Thought challenging—also known as cognitive restructuring—is a process in which the person challenges the negative thinking patterns that contribute to their anxiety, replacing them with more positive, realistic thoughts. This involves three steps:

  1. Identifying your negative thoughts.
  2. Challenging your negative thoughts.
  3. Replacing negative thoughts with realistic thoughts.

Other strategies commonly used in CBT:

  • Learning to recognize when you’re anxious and what that feels like in the body
  • Practising mindfulness
  • Learning coping skills and relaxation techniques to counteract anxiety and panic
  • Confronting the fears

Exposure therapy – Systematic desensitization

Rather than facing the biggest fear straight away, which can be traumatizing, exposure therapy usually starts with a situation that is mildly threatening. This step-by-step approach is called systematic desensitization. Systematic desensitization allows you to gradually build confidence, and master skills for controlling panic.

Relaxation skills. The therapist will teach you a relaxation technique, such as progressive muscle relaxation or deep breathing. You’ll practice in therapy and on your own at home. Once you start dealing with your fears, you will use this relaxation technique to reduce physical anxiety responses (such as trembling and hyperventilating) and encourage relaxation.

Creating a step-by-step list. Next, you’ll create a list of frightening situations that progress toward your final goal. For example, if your final goal is to overcome your fear of public speaking , you might start by practising in front of a close friend you can trust and gradually build your audience.. Each step should be as specific as possible, with a clear, measurable objective.

Working through the steps. Under the guidance of your therapist, you’ll then begin to work through the list. The goal is to stay in each frightening situation until your fear subsides. That way, you will learn that the feelings are manageable and they do go away. Every time the anxiety gets too intense, you will use your relaxation technique to decrease the stress level. Once you’re relaxed again, you can turn your attention back to the situation. In this way, you will work through the steps until you’re able to complete each one without feeling overwhelmed .

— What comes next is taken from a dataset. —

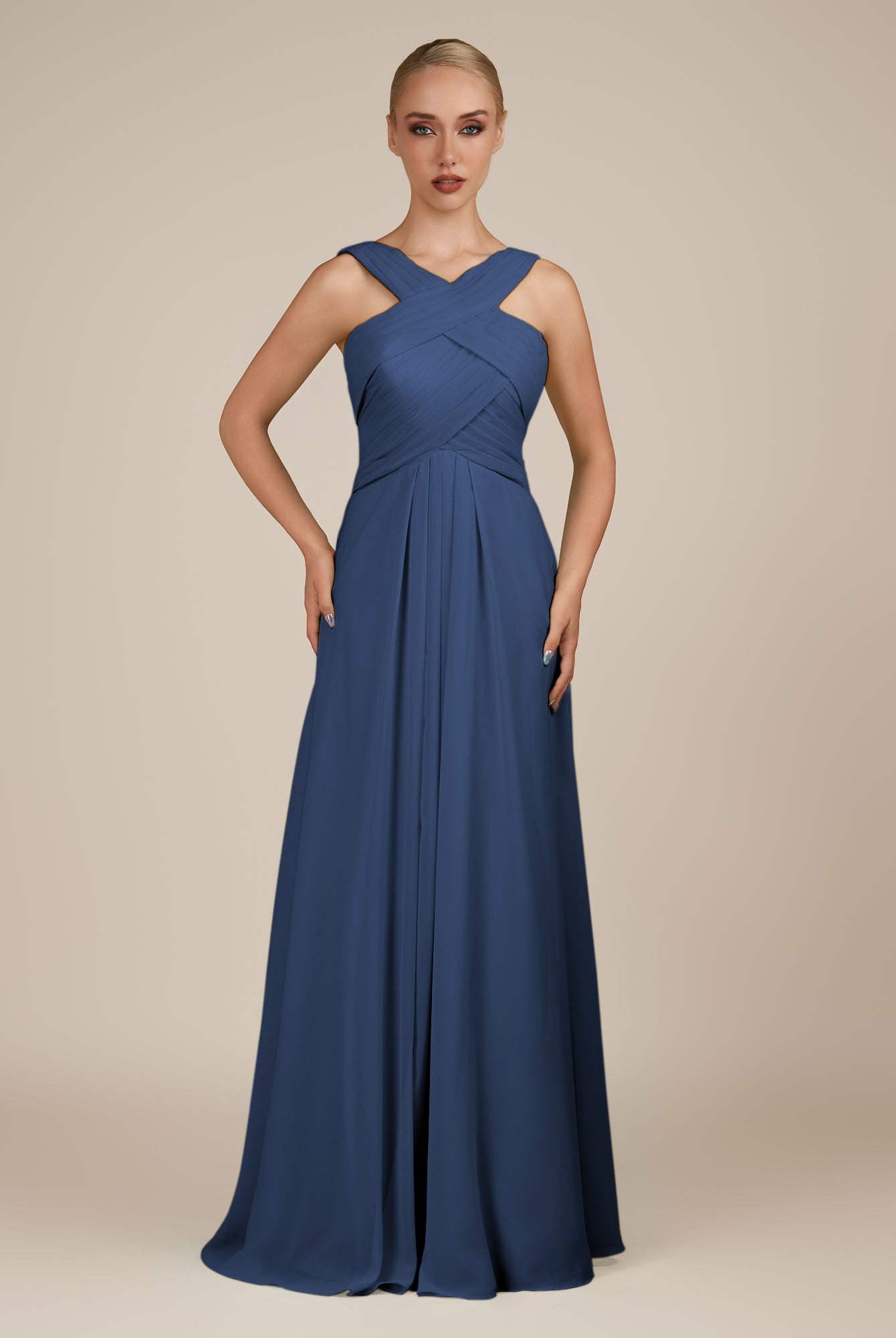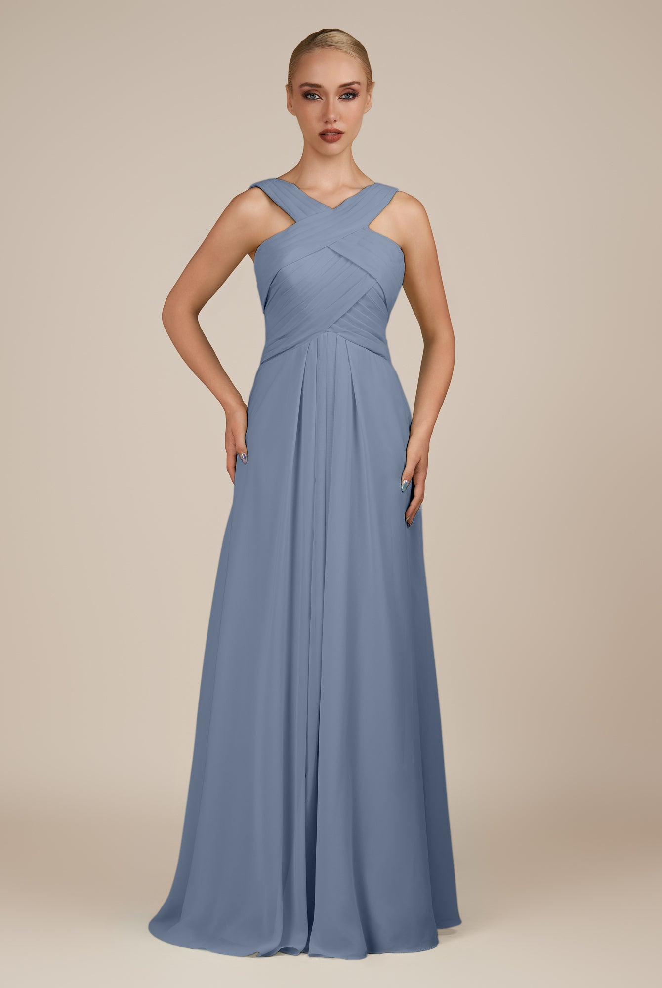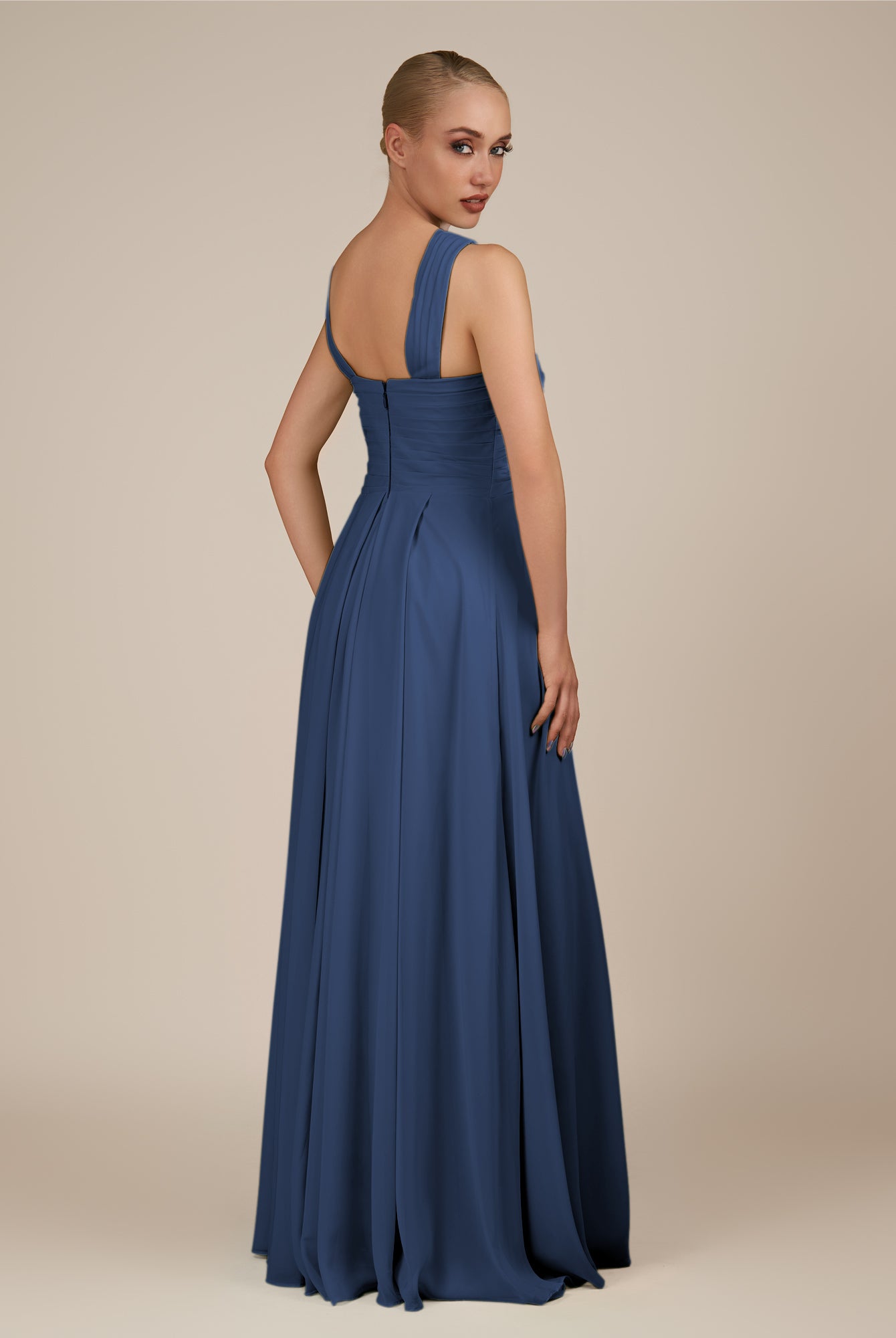 Sharlie | Neptune - A Line Chiffon Halter Neck Long Bridesmaid Dress with Pleats
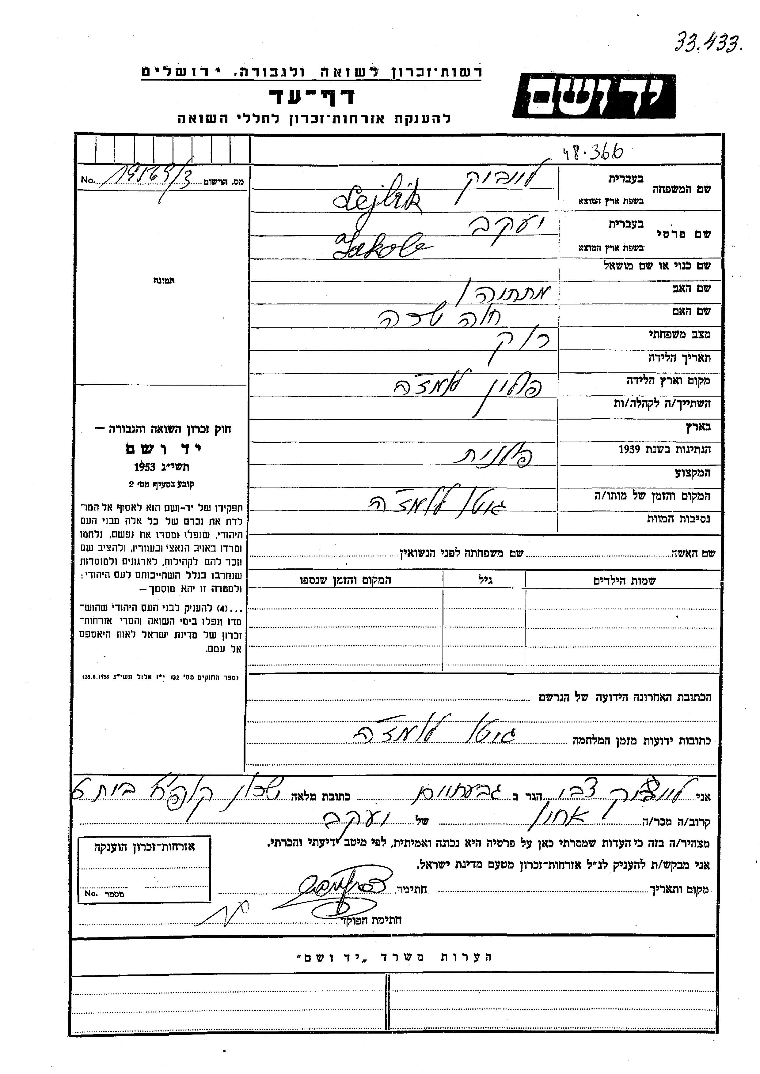 Lejbik | Yaakov | endroit inconnu, | Feuille de témoignage |

There is no quick fix for anxiety. Overcoming an anxiety disorder takes time and commitment and persistence. Sometimes you might feel worse before you get better. The important thing is to stick with treatment and follow your therapist’s advice. If you’re feeling discouraged with the pace of recovery, remember that therapy for anxiety is very effective in the long run. You’ll reap the benefits if you see it through.